Protective systems and allowances for overrides, bypasses, and permissives are also defined in the standard to allow for safe and effective design and operation of fired heaters. Andeavor’s standards protect against the accumulation of combustibles in the firebox, overheating of heater tubes, high/low draft and flameout. Instrumentation linked to the protective system [Safety Instrumented System (SIS)] should be independent of the control instrumentation.
The design of the protective system does allow for time delays with allowable ranges provided as follows:
PALL Fuel Gas Pressure 1-4 sec
PAHH Fuel Gas Pressure 1-2 sec
FALL Comb Air Flow 5-10 sec
Dropout Doors Fail to Operate 1-2 sec
PAHH Firebox Pressure 5 sec
Failure of Stack Damper to Open 1-2 sec
PALL Pilot Gas Pressure 1-4 sec
PAHH Pilot Gas Pressure 1-4 sec
Note that the above information corresponds to new heater designs. For retrofit projects, it is recommended to work with your project team and subject matter experts to implement the design that best satisfies the standard with which you are trying to comply.
Startup overrides are required in the protective functions of the control system to allow for the startup of fired heaters. The operator’s display will include a notification that the protective function is overridden during startup conditions. These overrides will allow for startup steps such as furnace purges and burner light off. Once the startup conditions are cleared, the protective system is engaged automatically by the DCS.

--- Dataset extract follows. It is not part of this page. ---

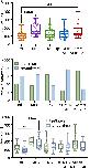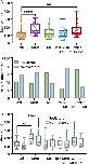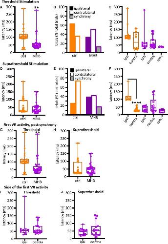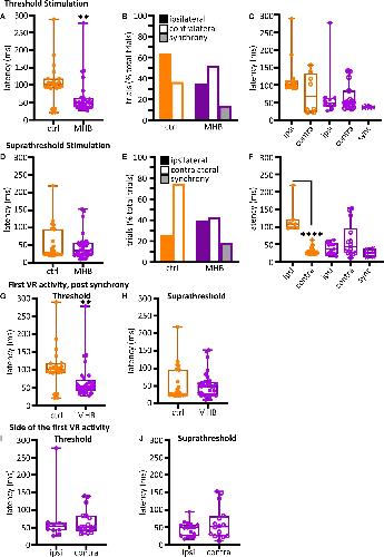 Figure 4. Midbrain-hindbrain border (MHB) lesion leads to changes in latency and side of fictive swim initiation. (A) Latencies (ms) to the first VR burst after threshold electrical stimulus was delivered to the trunk skin in control and MHB-lesioned animals. Mann-Whitney test p = 0.0049, controls 100.9, 91.02–117.8 ms vs MHB lesioned 48.1, 36.24–61.4 ms; data reported as median, 25–75 percentile. Ctrl: n = 5 tadpoles, trials = 22; MHB: n = 7 tadpoles, trials = 29. (B) Percentage occurrence (% total number of trials for each experimental group) of the first VR burst after threshold electrical stimulation in control (orange) and MHB-lesioned animals (violet). Ctrl ipsilateral 63.6% (14/22 trials), contralateral 36.4% (8/22 trials); MHB ipsilateral 34.5% (10/29 trials), contralateral 51.7% (15/29 trials), synchrony 13.8% (4/29 trials). (C) Latencies (ms) to the first VR burst after threshold electrical stimulus delivered to the trunk skin in control (orange) and MHB-lesioned (violet) animals. Solid circles represent latencies to ipsilateral first VR burst, open circles represent latencies to contralateral first VR burst, and crosses represent VR bursts recorded simultaneously on both sides of the body. Mann-Whitney test for the ctrl group, p = 0.365; Kruskal-Wallis test for the MHB-lesioned group, p = 0.1859. Ctrl ipsilateral 101.9, 93.1–112.0 ms, contralateral 67.4, 23.6–132.8 ms; MHB ipsilateral 49.8, 39.6–64.0 ms, contralateral 50.7, 36.5–83.6 ms, synchrony 36.2, 35.9–39.8 ms. Data are reported as median, 25–75 percentiles. Ctrl: n = 5 tadpoles, trials = 22; MHB: n = 7, trials = 29. (D) Latencies (ms) to the first VR burst after suprathreshold electrical stimulus delivered to the trunk skin in control and MHB-lesioned tadpoles. Mann-Whitney test, p = 0.8249; ctrl: 27.82, 24.35–95.81 ms; MHB: 35.16, 24.28–56.94 ms. Data reported as median, 25–75 percentile. Ctrl: n = 5 tadpoles, trials = 27; MHB: n = 7, trials = 33. (E) Percentage occurrence (% total number of trials for each experimental group) of the first VR burst after suprathreshold electrical stimulation of control (orange) and MHB-lesioned animals (violet). Ctrl ipsilateral 25.9% (20/27 trials), contralateral 74.1% (7/27 trials); MHB ipsilateral 39.4% (13/33 trials), contralateral 42.4% (14/33 trials), synchrony 18.2% (6/33 trials). (F) Latencies (ms) to the first VR burst after suprathreshold electrical stimulus delivered to the trunk skin of control (orange) and MHB-lesioned animals (violet). Solid circles represent latencies to ipsilateral first VR burst, open circles represent latencies to contralateral first VR burst, and crosses represent VR bursts recorded simultaneously on both sides of the body. Mann-Whitney test for the ctrl group, p < 0.0001: ipsilateral 107.9, 97.0–120.3 ms, contralateral 25.5, 23.9–32.7 ms; Kruskal-Wallis test for MHB group, p = 0.2108: ipsilateral 36.5, 23.3–3.2 ms, contralateral 43.6, 24.8–95.7 ms, synchrony 25.8, 12.7–36.1 ms. All data are reported as median, 25–75 percentile. Ctrl: n = 5 tadpoles, trials = 27; MHB-lesioned: n = 7, trials = 33). (G) Latencies (ms) to the first alternating VR burst (i.e., the first burst indicative of the start of fictive swimming) after a threshold electrical stimulus delivered to the trunk skin of control and MHB-lesioned tadpoles. Mann-Whitney test, p = 0.0049; ctrl: 100.9, 91.0–117.8 ms; MHB: 52.1, 42.0–71.1 ms. Ctrl: n = 5 tadpoles, trials = 22; MHB: n = 7, trials = 29. (H) Latencies (ms) to the first alternating VR burst after a suprathreshold electrical stimulus delivered to the trunk skin of control and MHB-lesioned tadpoles. Mann-Whitney test, p = 0.4879; ctrl: 27.8, 24.4–95.8; MHB: 48.9, 25.1–61.1 ms. Ctrl: n = 5 tadpoles, trials = 27; MHB: n = 7, trials = 33. (I) Latency (ms) for asynchronous starts (synchrony data are omitted) after a threshold stimulation and according to the side of the first VR burst (Mann-Whitney test, p = 0.8079; ipsilateral 54.6, 42.1–63.5 ms; contralateral: 51.4, 40.6–83.5 ms; n = 7 tadpoles, trials = 29). (J) Latency to asynchronous starts after a suprathreshold stimulation and according to the side of first VR burst (Mann-Whitney test, p = 0.4654; ipsilateral 48.7, 24.8–57.6 ms, contralateral 51.6, 25.2–81.3 ms; n = 7 tadpoles, trials = 33). In all panels, data collected on controls are in orange, data collected on MHB lesioned animals are in violet. In panels (A,C,D,F–J) single data points are plotted; boxes indicate 5–95 percentile; middle horizontal line in each box represents median value; error bars indicate minimum and maximum values. In panels (B,E); filled bars: ipsilateral first VR burst; white bars: contralateral first VR burst; grey bars: synchronous VR first burst. All data reported in the figure legend are expressed as median, 25–75 percentile. **p < 0.01, ****p < 0.0001 for Kruskal-Wallis/Dunn’s test.

Bypasses on input devices and/or protective systems for maintenance, calibration, and testing are permitted in accordance with the site’s operating and emergency response procedures. Sites can manage these bypasses via Operations or Maintenance procedures or MOC, if procedures do not exist. A mitigation plan should be part of the procedure or MOC being followed, and the plan must be communicated to all affected personnel. Note that the plan is only as robust as the quality of review that went into its development. Ensure controls and SIS experts are consulted when developing a mitigation plan.
The plan should also be kept in a location accessible to the board operator. Management approval of the mitigation plan is required with escalating levels of responsibility defined as a function of the bypass period. As an example, a three-day bypass period requires the approval of an operations superintendent. A three-week bypass period requires the approval of the Operations Manager. Bypassed alarm status should be visible to the board operator. The protective system and/or input device should be put into service immediately following completion of the work. The mitigation plan should be logged for reference in the future.
RICHARD TODD (Norton Engineering Consultants, Inc.)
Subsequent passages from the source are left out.